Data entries
===

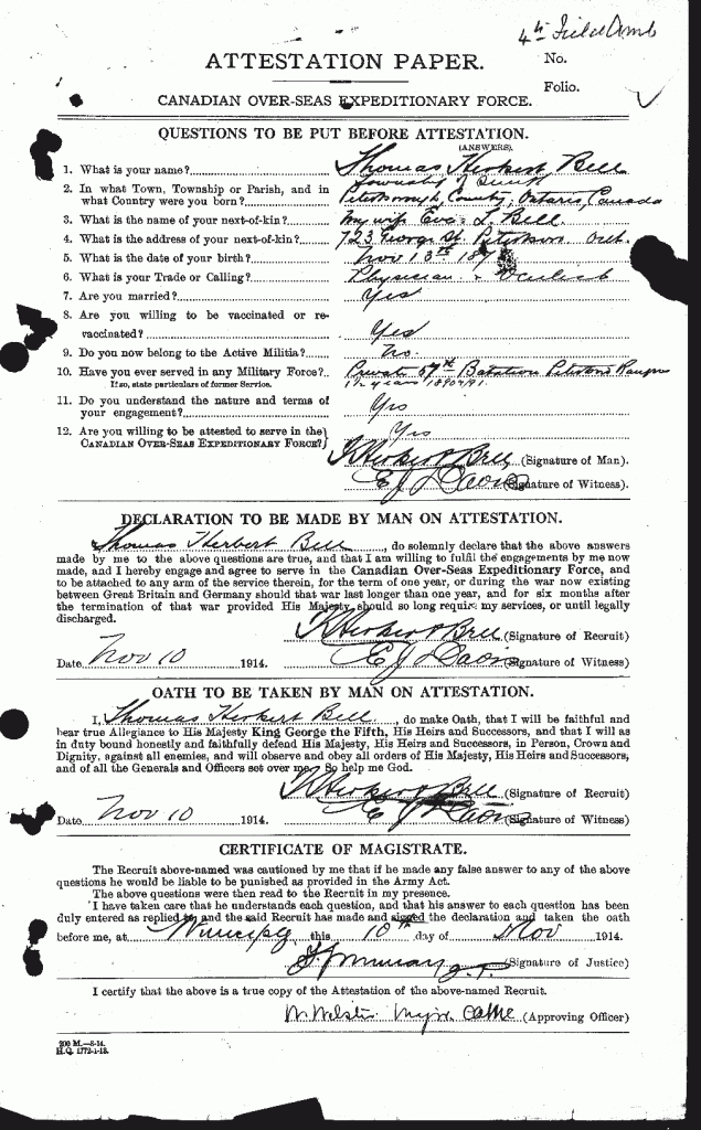 This soldier was temporarily attached to the 18th Battalion December 1917 to January 1918. He was born in Peterborough, Ontario and may have known Lieutenant Eastwood’s father as a child.
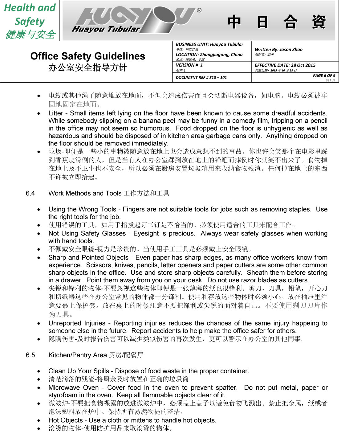 華友辦公室安全指導方針
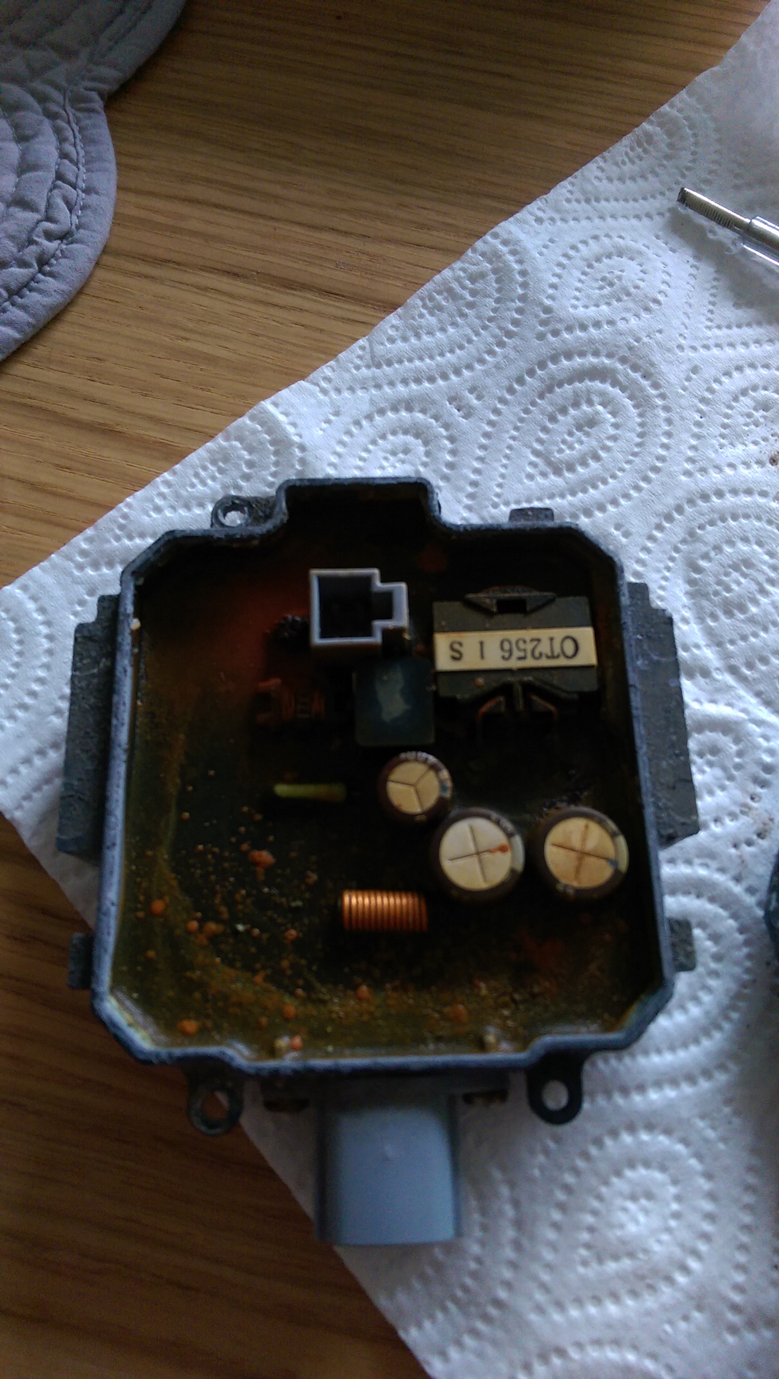 Zakończyłem naprawę swojej lampy i tak jak przypuszczałem miałem ten sam problem z przetwornicą jak kolega @Vito po zdemontowaniu przetwornicy znalazłem dużo wody a oprócz tego jeden przerwany przewód zaznaczony na zdjęciu nr.1 który wymagał zlutowania, po tej małej regeneracji żarówka świeci <jupi>
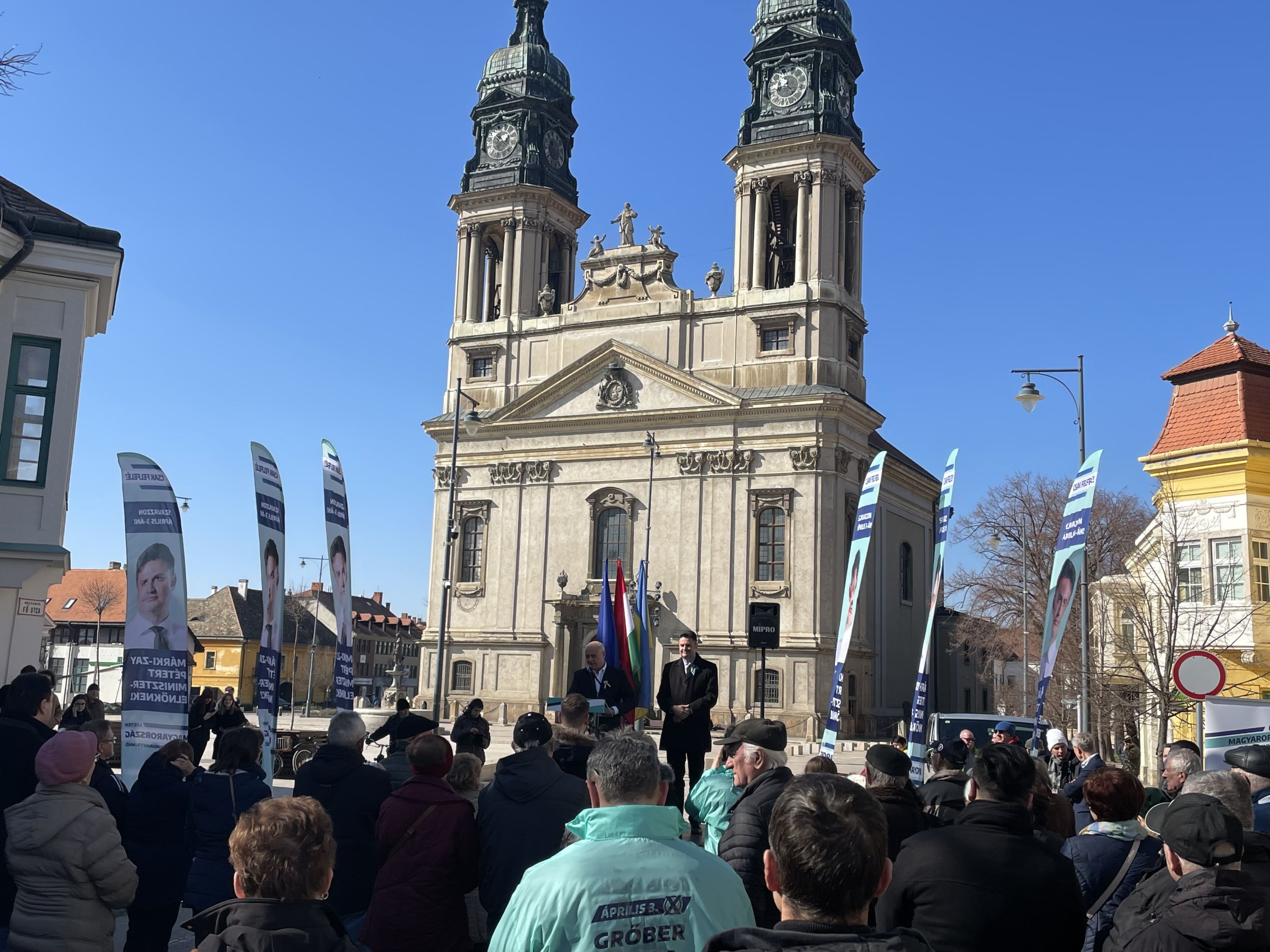 Közben Márki-Zay Péter is megérkezett, de Grőber Attila még folytatta az ígéreteket:
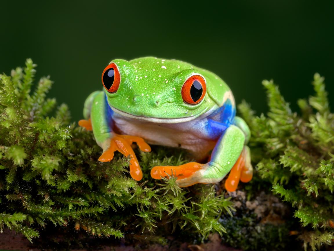 Wallpaper A large green frog with red eyes sits on a moss-covered branch

===

> PROBLEM DESCRIPTION
Transcribe exactly the lines from the one with "Közben Márki-Zay Péter" to the last line of the records, both included, so that no picture appears in the copy.

> TASK RESULT
 Közben Márki-Zay Péter is megérkezett, de Grőber Attila még folytatta az ígéreteket:
 Wallpaper A large green frog with red eyes sits on a moss-covered branch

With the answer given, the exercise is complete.